His friends describe him as intense. But is that intensity a bad thing?
“I think of (intensity) as being passionate about what we do,” Anderson
says. “But this job is an intense job, and our business is an intense business.
It’s a challenging business, not something you can do in eight hours a
day.
“I’m not as harshly judgmental or critical as I used to be. ... But
I guess I’m still relatively intense.”
His friends agree that Anderson has mellowed, that he is no longer a
person who sometimes cares more about the product than the people who work
hard to achieve it. But Anderson sees himself as a work in progress.
“I don’t have enough patience — that’s a deficiency I wish I could overcome,”
he says. “I wish I were better at saying, ‘Thank you,’ and ‘Great job.’

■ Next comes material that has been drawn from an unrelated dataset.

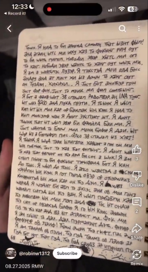 Уже провели чотири обшуки і виявили щоденники стрілка, а також численні пости в соцмережах. Виявилося, що щоденники Робін Вестман вів кирилицею, а у відеороликах часто говорив російською.

I wish I spent more time with my family.”
OK, so he’s not perfect. Never has been. He notes, with a self-deprecating
chuckle, that “I didn’t know what I didn’t know” when he embarked upon
his first editor job at Orange County. But along the way, even as he has
continued to nurture his community-based view of the future, he has learned
to relax.
He skis. He reads. He plays on his computer. He consumes vast amounts
of Tootsie Rolls. And yes, he laughs — something that the legion of folks
who know him only from afar, who view him as cold, aloof and mysterious,
likely would not believe. Not only does Anderson have a well-developed,
if slightly askew, sense of humor, he’s also a master of the deadpan delivery.
And more ...
Bill Boggs, a consultant with Synectics, tells the story of an unusual
evening in Chicago. After Anderson, Boggs and Dave Zeeck of The News Tribune
of Tacoma, Wash., emerged from a long, brain-frazzling meeting, they went
to a nearby shopping mall. Inside, Anderson (“C’mon, this’ll be fun!”)

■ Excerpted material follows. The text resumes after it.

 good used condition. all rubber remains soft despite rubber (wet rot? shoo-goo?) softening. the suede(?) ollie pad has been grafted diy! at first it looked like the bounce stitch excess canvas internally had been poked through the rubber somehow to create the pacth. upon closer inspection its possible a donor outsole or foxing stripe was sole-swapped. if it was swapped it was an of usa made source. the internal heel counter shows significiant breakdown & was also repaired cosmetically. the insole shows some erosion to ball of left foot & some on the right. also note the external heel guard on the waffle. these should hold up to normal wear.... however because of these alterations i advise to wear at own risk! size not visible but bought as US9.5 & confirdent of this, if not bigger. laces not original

led the trio into a store where customers can star in their own music video.
The raincoat-clad newspapermen lip-synched and danced to The Rolling Stones’
“(I Can’t Get No) Satisfaction.” Boggs says he still has the only copy
of the video.
“The great thing about the video is that the song title could be a great
epitaph for (Anderson’s) tombstone,” says Boggs. “He’s always pushing.”
Always has, always will. That determination to succeed in all he does
may be Anderson’s defining character trait.
“He’s the kind of guy you wouldn’t want to play Monopoly with,” says
Steven A. Smith, editor in Colorado Springs. “Chris plays to win.”
Ah, but Anderson plays by his own rules. He’s not afraid to explore
non-traditional methods of solving problems. Indeed, it seems as if he’s
happiest when he’s floating outside the box, exploring the unexpected and
taking chances, Smith says.
“And that’s exciting,” Smith says. “If you’re interested in growing
and developing ideas and breaking the rules, then Chris is the ideal publisher.”
So what will Anderson bring to ASNE in his year as president? That’s
impossible to predict. But Anderson does say he’ll “try to take some different
approaches to things” while helping the organization pursue its established
goals and projects.
And, of course, he’ll keep looking forward.
“We’re going to have to grow out away from the one-size-fits-all product,”
he says. “I hope we continue to view ourselves as the indispensable source
of information for our communities, but we may not be able to do that in
exactly the form we’re using right now. I hope we’ll open our minds to
the possibility that we might give different people different products
in the future. If the time comes when we’re delivering it all electronically,
so be it.”
One last question: What does the N. stand for in N. Christian Anderson
III?
“The fun thing is to tell people it stands for ‘Nothing,’ ” he says.
Actually, it’s Nelson. But it could be Newspapers.
Smith is a reporter for The Gazette in Colorado Springs, Colo.